- Sergio Noja Noseda.
- Born: 7 July 1931 Pola, Istria
- Died: 31 January 2008 (aged 76) Lesa, Novara
- Occupations: Professor, essayist, company director
- Spouse(s): Enrica Noja Busnelli, (Milan, …-Milan, 1982) French language professor Adriana Ferni Noseda Noja, interior architect
- Children: Giovanni Giulio Ugo Noja (Milan, 1962 - Milan, 1982)
- Relatives: Ugo Noja (father, pilot officer of the Italian Air Force during the Second World War) Rina Noja Amati (also known as Amabile) (mother, entrepreneur) Sara Pacifici Noja (sister, law professor, married to Giorgio Pacifici) Laura Elena Pacifici Noja (niece), head physician and professor Ugo Giorgio Pacifici Noja (nephew), lawyer and historian.
- Writing career
- Period: 1900
- Genres: Language, Historical, Orientalism

= Sergio Noja Noseda =

Italian professor of Arabic language and literature and Sharia

Sergio Noja Noseda (7 July 1931 – 31 January 2008) was an Italian professor of Arabic language and literature and Sharia.

==Life==
Noja Noseda was born in Pola, the son of Ugo Noja and Rina Noja Amati (also known as Amabile), descending from an ancient family of aristocratic origins coming from Spain in the 16th century which eventually settled in Italy. After High School, he attended the Bocconi University in Milan where he graduated in Economics. During this period he also served as president of the "Società della Taula" (The Bocconi University Senior Society). At the same time as he made a career in a private company, Philips Italia, which would carry him to the rank of director general, he always had a deep interest in oriental studies. He was directed and taught by Monsignor Giovanni Galbiati in the study of the Arabic language. Having been first appointed Professor of Islamic law at the University of Turin, he later became Professor of Arabic language and literature at the Università Cattolica del Sacro Cuore of Milan where he maintained the chair in Arabic language and literature for more than twenty years.

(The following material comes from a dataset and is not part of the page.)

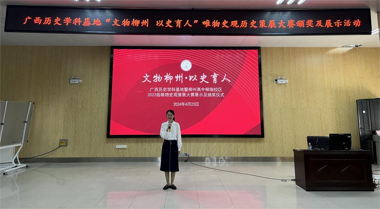 柳州是一所具有深厚文化历史底蕴的城市,各种各样的博物馆书写、记载了柳州历史。唯物史观是揭露人类历史社会客观基础及发展规律的科学的历史观和方法论,是高中历史学科五大核心素养中的统领。为将学科素养融入课堂内外,提升同学们对唯物史观的认识和理解,拓展历史学习的眼界与格局,柳州高中柳南校区高二年级历史组依托广西历史学科基地,开展了以“文物柳州·以史育人”为主题的唯物史观策展大赛。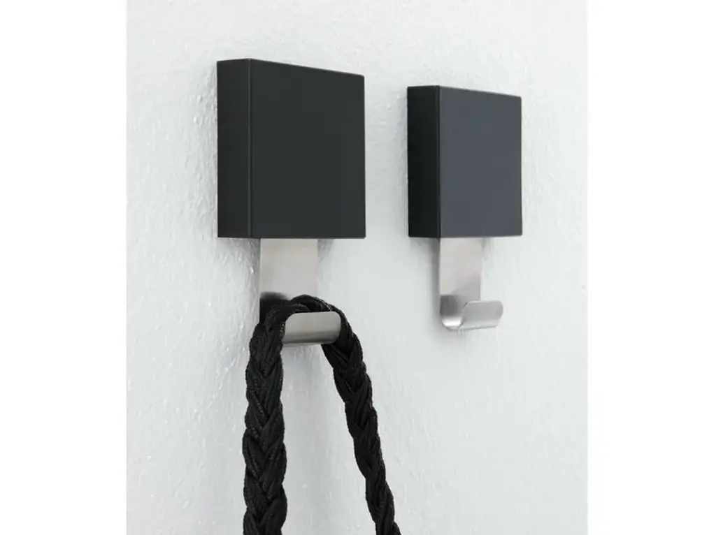 Morbini are a couple of hangers that takes advantage of the adhesiveness of polyurethane gel, an innate feature of the material obtained without the use of glues but produced by a chemical reaction of the material when it comes in contact with the air, this property remains for the whole lifetime of the product. Morbini are realized in soft polyurethane gel with a brushed stainless steel insert that allows small weights to be hanged. Morbini are ideal for the bathroom, in the hall or wherever you need to hang something without drilling the surface.Price refers to one pack with 2 products.

He died in a car accident in 2008, aged 76.

==Bibliography==

- Breve storia dei popoli arabi. Milano: A. Mondadori, 1997. 292 p.
- Storia dei popoli dell'Islàm. Milano: A. Mondadori.
- L'islàm dell'immobilismo: dalla caduta di Bagdàd allo sbarco di Napoleone in Egitto, 1258-1798. Milano: A. Mondadori, 1994. 356 p.
- L'Islam moderno: dalla conquista napoleonica dell'Egitto al ritiro dell'Armata Rossa dall'Afghanistan. Milano: Mondadori, 1990. 314 p.